▶ _EXERCISE GOAL_
Would you please set down, word for word, the lines from the one with "Le matériel et les pilotes ALSA, FFADO, ..." through the final line of the data below, omitting any pictures?

▶ _PROVIDED DATA_

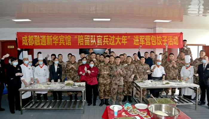 成都新华宾馆前往驻蓉基层部队给官兵包饺子过新年。
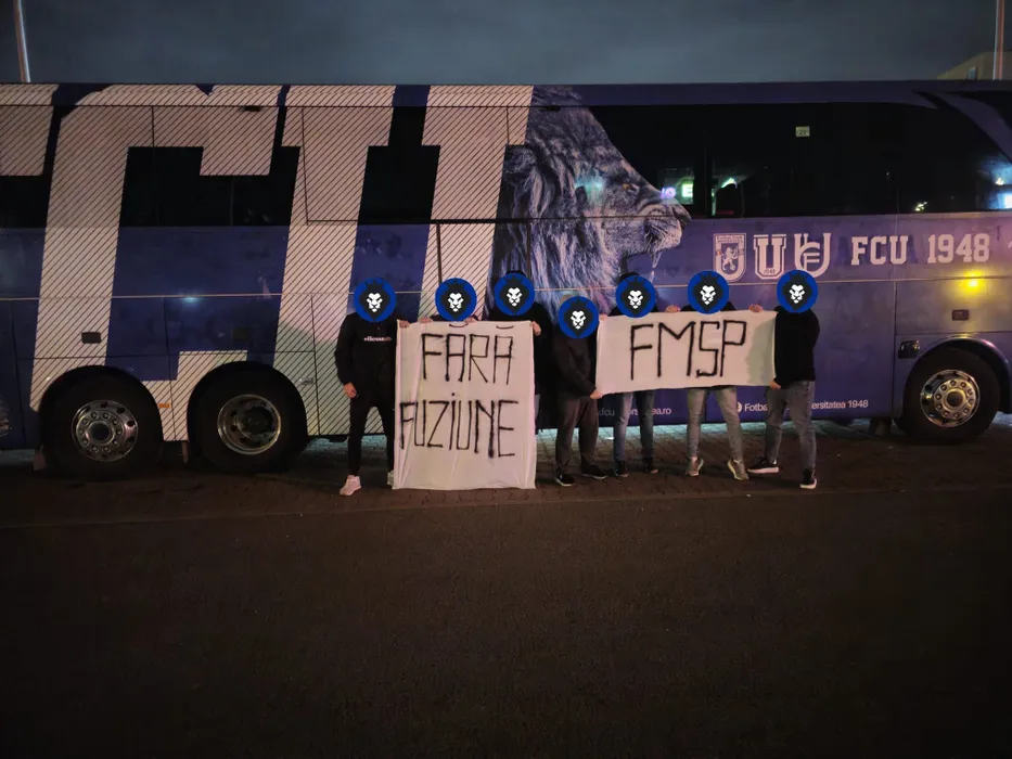 Fanii din Sibiu ai Universităţii Craiova au afişat mesaje anti-fuziune lângă autocarul echipei rivale, FC U
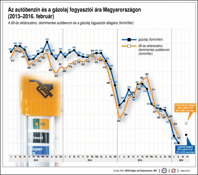 A benzinár 2012. április elején érte el csúcsát, akkor egy liter átlagosan 451 forintba került. A gázolaj literje 2012. január közepén volt a legdrágább, átlagosan 449 forint. Azóta az üzemanyag ára folyamatosan csökkent.
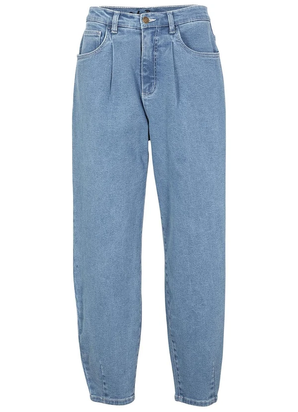 Calça jeans claro, modelagem solta estilo baggy, cintura média, comprimento cigarrete, bolsos funcionais, fechamento em botão, material jeans.
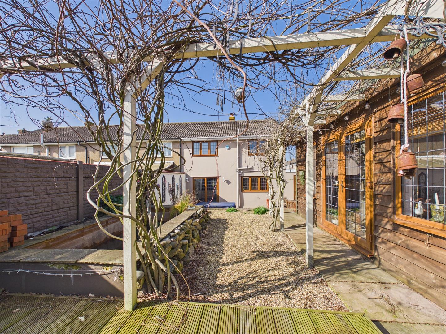 Spacious three bedroom end-of-terrace home in a popular residential location close to schools and local amenities. Offered with no upper chain, the property features a living room, kitchen, and utility room, along with three well-proportioned bedrooms and a family bathroom. Outside, there is a private garden with a large garden room, while the front offers a gated driveway providing off-street parking and two useful outhouses for additional storage.
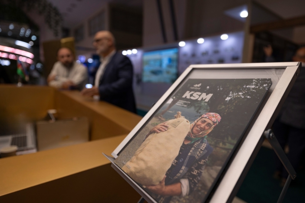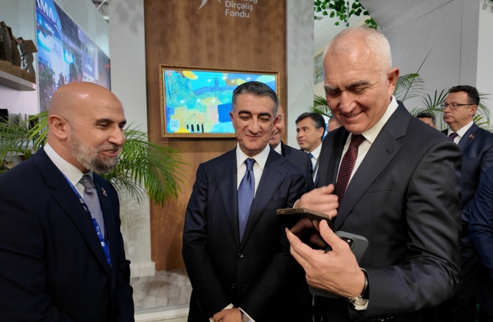 Sərgi pavilyonunda Cəmiyyət tərəfindən müzəffər Ali Baş Komandan İlham Əliyevin rəhbərliyi ilə işğaldan azad edilmiş Qarabağ və Şərqi Zəngəzur iqtisadi rayonlarında icra edilən mühüm layihələrə dair təqdimatlar nümayiş olunub.
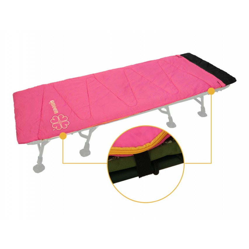 Culoarea roz intens, cu accente aurii, se potrivește perfect cu restul produselor din seria QUEEN, astfel încât să strălucești la propriu pe malul apei. Sacul de dormit vine livrat într-o husă practică pentru transport.
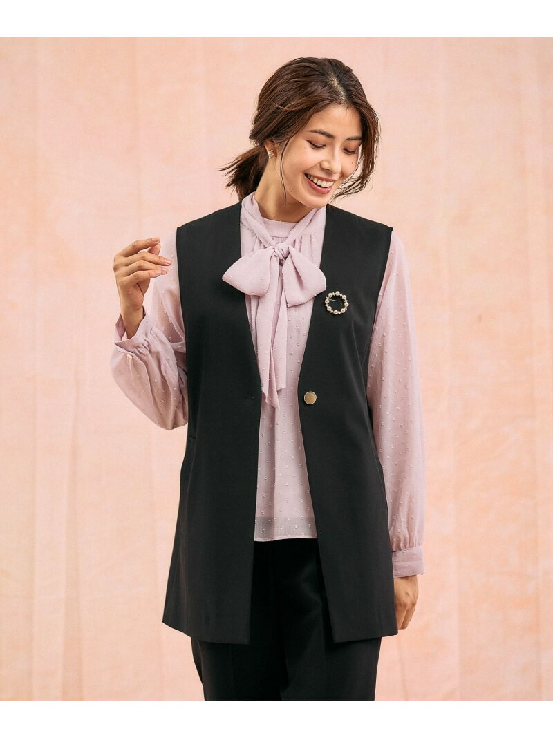 GLOBAL WORKストレッチベスト*ブラウス*パンツセット/581026
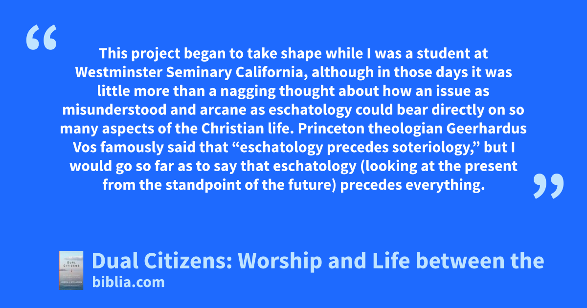 This project began to take shape while I was a student at Westminster Seminary California, although in those days it was little more than a nagging thought about how an issue as misunderstood and arcane as eschatology could bear directly on so many aspects of the Christian life. Princeton theologian Geerhardus Vos famously said that “eschatology precedes soteriology,” but I would go so far as to say that eschatology (looking at the present from the standpoint of the future) precedes everything.
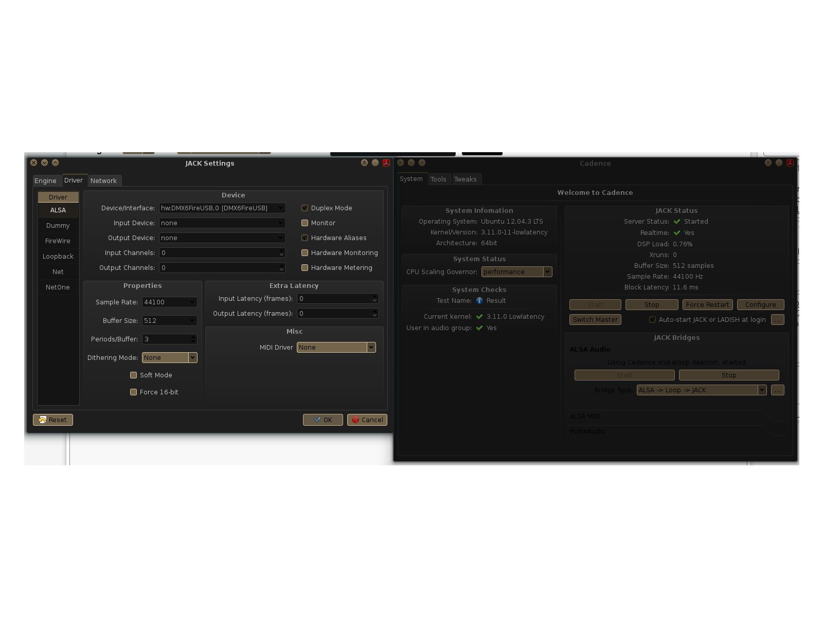 Le matériel et les pilotes ALSA, FFADO, ...
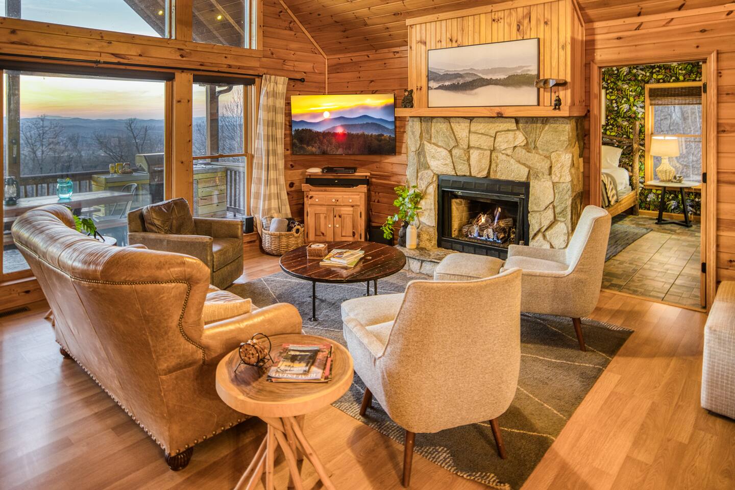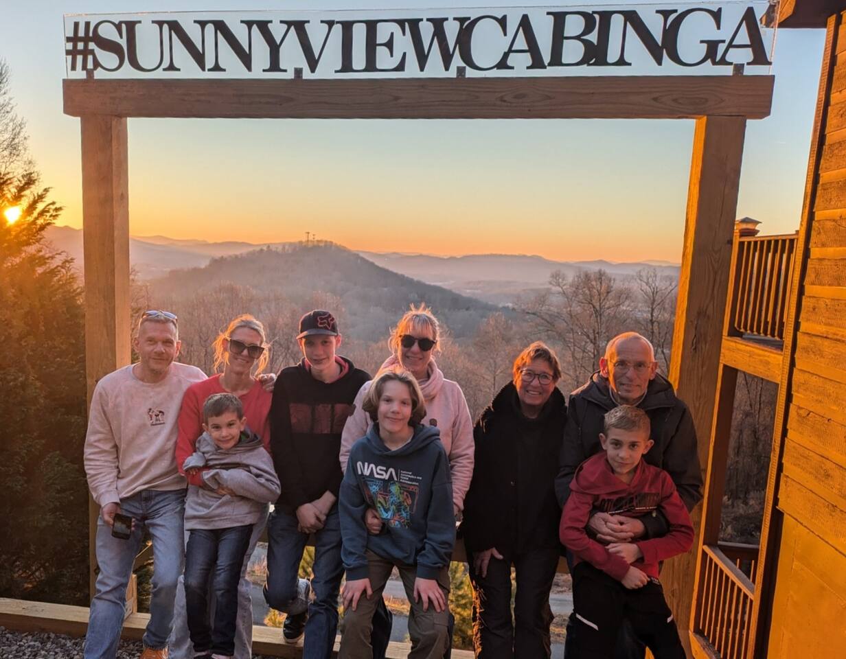 Escape to your private mountain retreat with breathtaking sunset views from nearly every room! Perfect for large families, multi-generational groups, and dog owners, this luxurious 4bd/3ba cabin sleeps 12 and sits at the quiet end of a well-paved road offering peaceful privacy while still being just 5 minutes from downtown Blairsville.

▶ _WRITTEN RESPONSE_
 Le matériel et les pilotes ALSA, FFADO, ...
 Escape to your private mountain retreat with breathtaking sunset views from nearly every room! Perfect for large families, multi-generational groups, and dog owners, this luxurious 4bd/3ba cabin sleeps 12 and sits at the quiet end of a well-paved road offering peaceful privacy while still being just 5 minutes from downtown Blairsville.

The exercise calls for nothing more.